Join us as we advance the conversation at Exploring Personhood, a Faith + Culture Forum presented by the L. Russ Bush Center for Faith and Culture at Southeastern Baptist Theological Seminary on Feb. 10-11, 2022.

Meet Jeff Schloss

Jeff Schloss is Distinguished Professor of Biology and T.B. Walker Chair of Natural & Behavioral Sciences at Westmont College, where he directs the Center for Faith, Ethics & Life Sciences and serves as Senior Scholar for the BioLogos Foundation. Jeff Wheaton College and doctoral work in ecology/evolutionary biology at Washington University, has taught at the University of Michigan and Wheaton College, and has been a Crosson Fellow at Notre Dame’s Center for Philosophy of Religion, a Plumer Fellow at St. Anne’s College Oxford, and a Witherspoon Fellow in Theology & Science at Center of Theological Inquiry. Jeff’s academic work involves evolutionary and neurohormonal accounts of altruism, moral cognition, and religious faith & practice, and the philosophical and theological implications of evolutionary theory.

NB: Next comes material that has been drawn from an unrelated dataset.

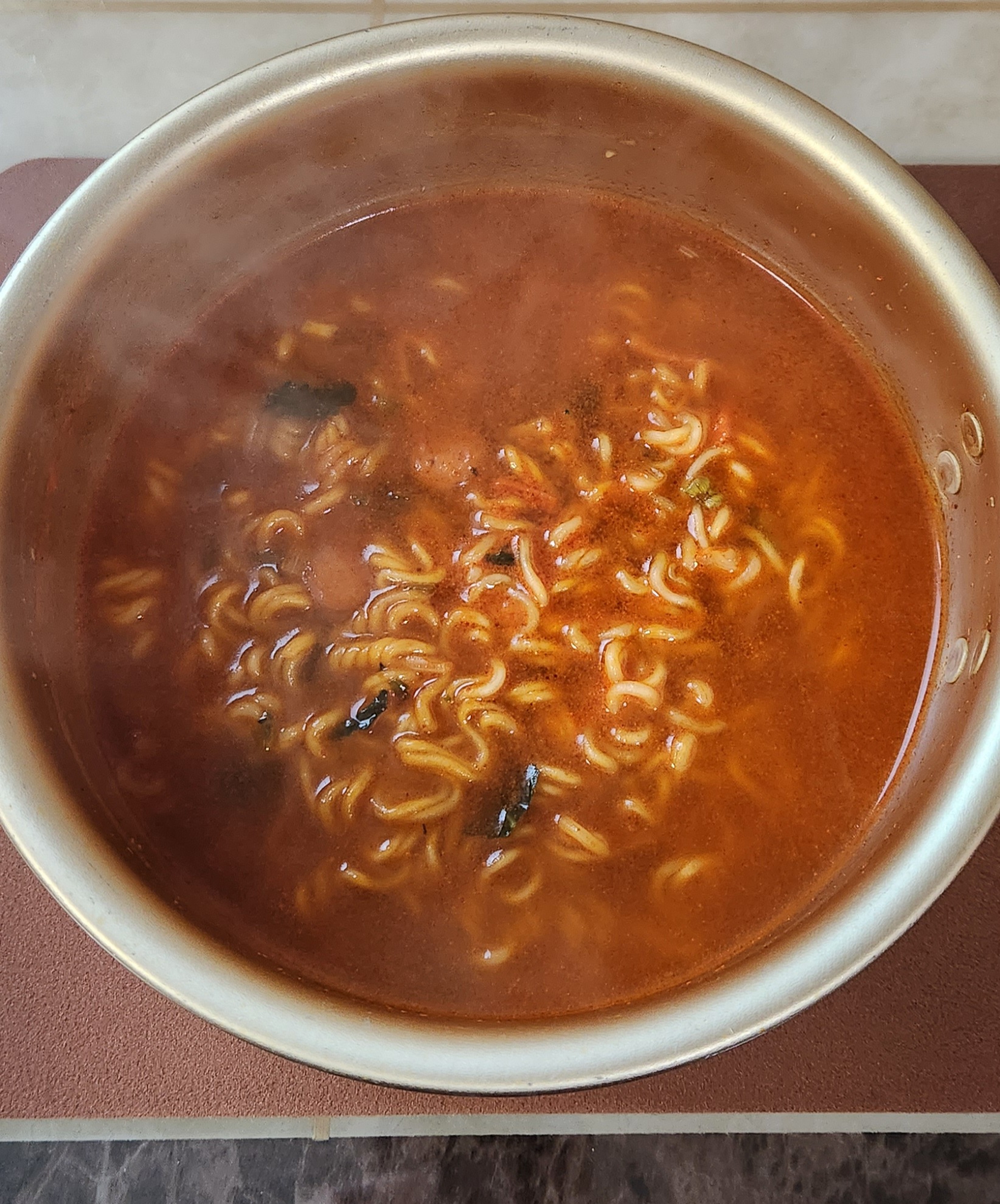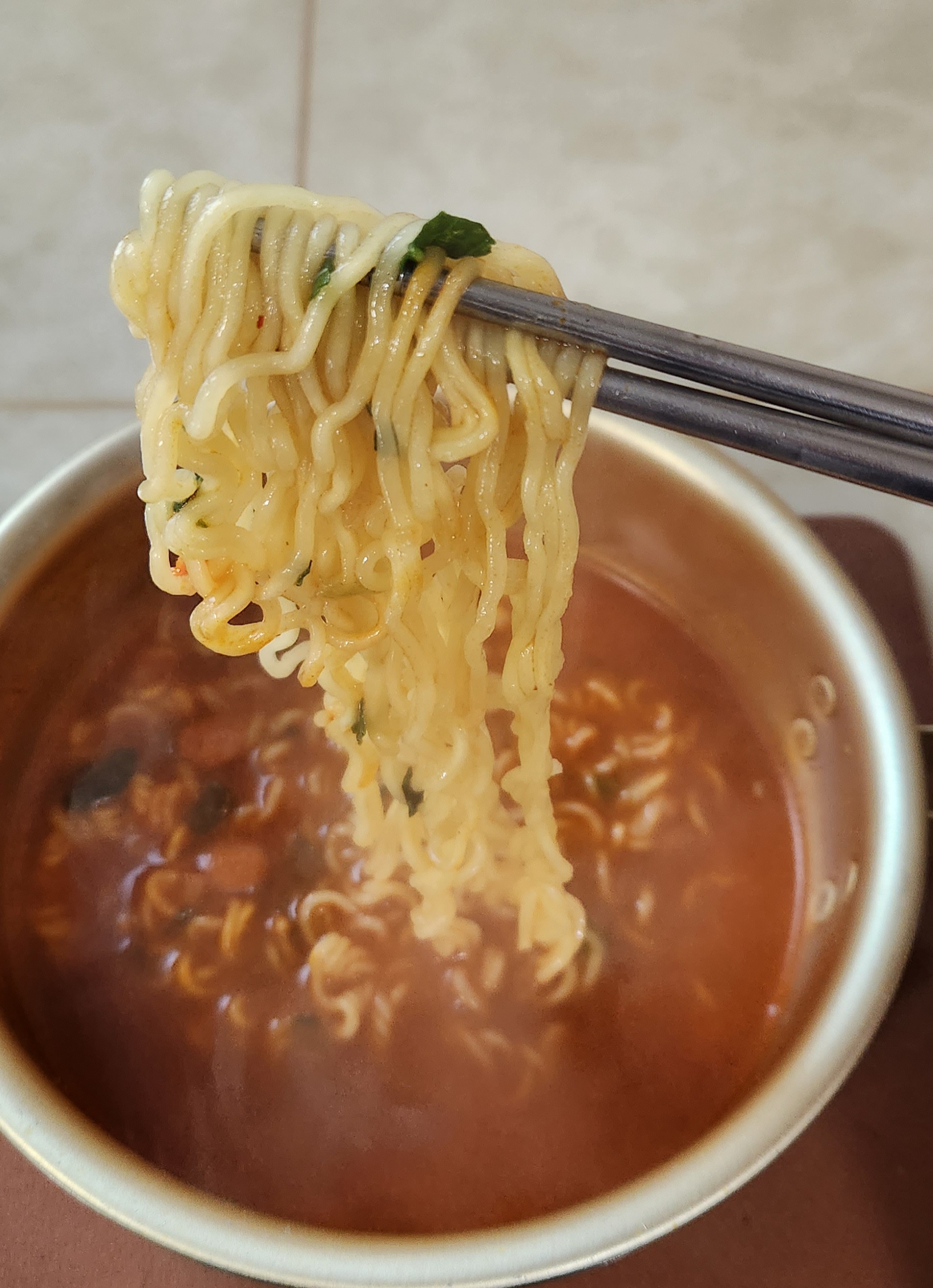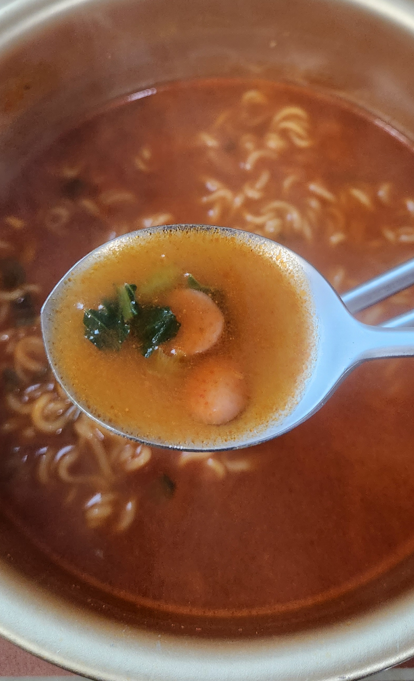 정말 오랜만에 삼양라면을 먹어서 그런지 삼양라면 특유의 햄 향이 반가웠다.

Collaborative volumes include The Believing Primate: Scientific, Philosophical and Theological Perspectives on the Origin of Religion, OUP; Evolution and Ethics: Human Morality in Biological & Religious Perspective, Eerdmans; Altruism and Altruistic Love: Science, Philosophy, and Religion in Dialogue, Oxford.

Lecture Topic

“Spectacular Outliers?”: Bioscience, Human Exceptionalism, and the Telos of Love

For much of the past Century, findings in the biosciences have been construed as being inconsonant with human exceptionalism and therefore, as a leading journal put it: “the idea that man was created in the image of God can surely be put aside.” More recently however, evolutionary theory itself has illuminated how humans may be viewed as unique in four related ways. First, the scale of cooperation with and sacrifice for others represents a “huge anomaly.” Second, this involves a “major evolutionary transition” that in one sense entails a difference in kind and not just in degree, but also reflects a thematically consistent, directional series of transitions. Third, it is underwritten by specific, identifiable capacities that are clearly biologically embodied, yet also are themselves “incommensurable with other species.” And fourth, the difference both reflects and is enabled by capacities – including religion – that enable us to “transcend our biological imperatives.” This talk will describe the status of these propositions in current scientific literature, reflect on their striking consonance with traditional Christian views of human exceptionalism and moral telos, and also consider the risks – to science, to theology, and to Christian witness – of cherry-picking science to fit theological precommitments.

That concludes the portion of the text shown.